Today I woke up and forgot to take the chicken I'm having for dinner out of the freezer. What should I do? Common advice is to sink the package of chicken into water so it thaws faster. Of course I'm not having chicken with water for dinner! I'm just using the water as a between-step so my dinner is not frozen!
Now think of the chicken as a function, my dinner would be its derivative. What can be the water in my above predicament? Anything that makes differentiation easier but it's not present in the end result! In this article you will explore how to use logarithms to find derivatives.

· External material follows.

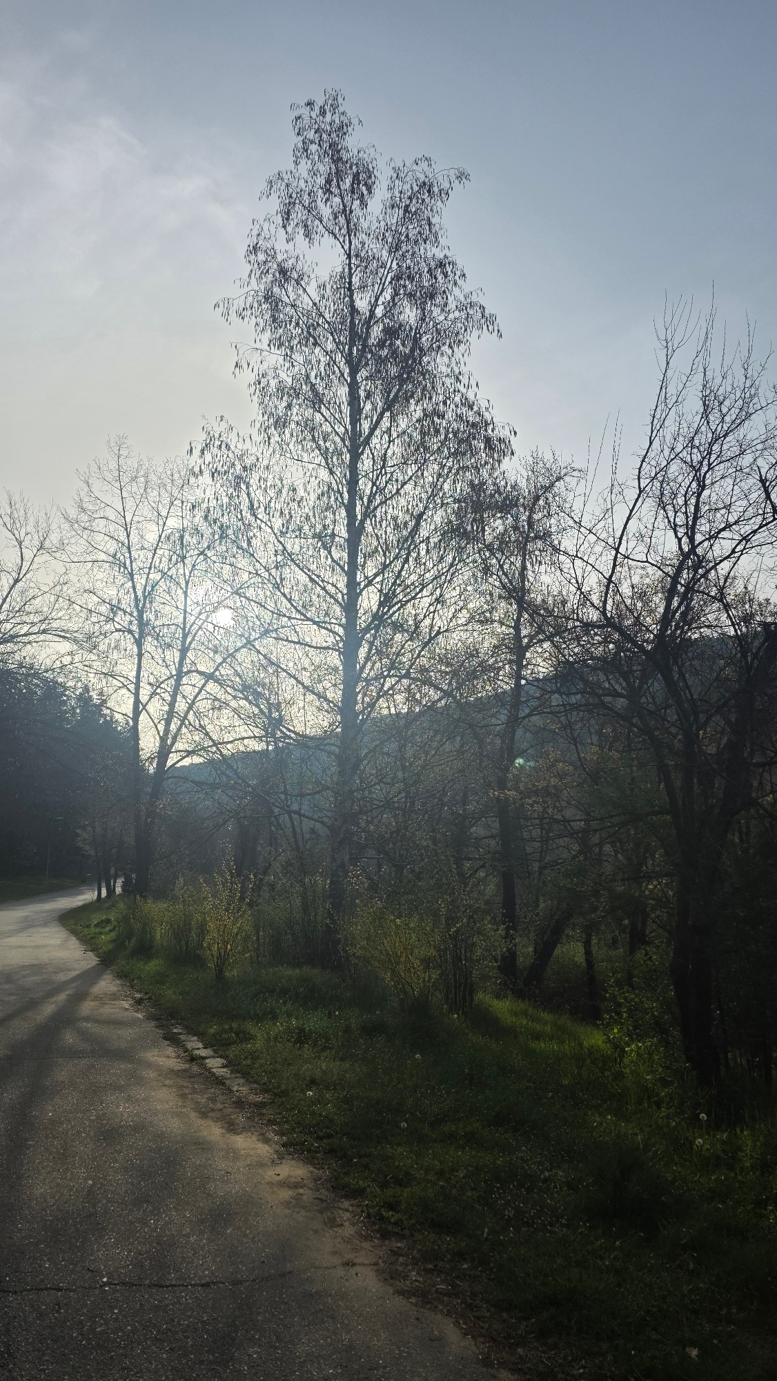 The image shows a path in a park, bordered by greenery on one side and trees on both. The sun is visible through the branches of the trees. The location is likely a park in Blagoevgrad, Bulgaria, give…read more

Logarithmic Differentiation Rule
Logarithms have unique properties like the Product Property of Logarithms and the Power Property of Logarithms, to name a few. These properties can be used when finding the derivative of more complex functions. This is done by using Logarithmic Differentiation, which more of a method than a rule.
Logarithmic Differentiation is a method that finds the derivative of the logarithm of the function rather than the original function.
But why do you need to use logarithmic differentiation? To take advantage of the properties of logarithms of course!
The properties of logarithms as a bridge to simpler operations.
It is time to take a look at the steps for doing Logarithmic Differentiation.
Logarithmic Differentiation Steps
The method of Logarithmic Differentiation can be summarized in the following steps:
Take the natural logarithm of the original function.
Use any relevant properties of logarithms, like the Power Property of Logarithms or the Product Property of Logarithms. The goal of this step is to simplify the function.
Use the Chain Rule and the differentiation rule of the natural logarithm to differentiate each expression.
Multiply the resulting expression by the original function. The result is the derivative of the original function.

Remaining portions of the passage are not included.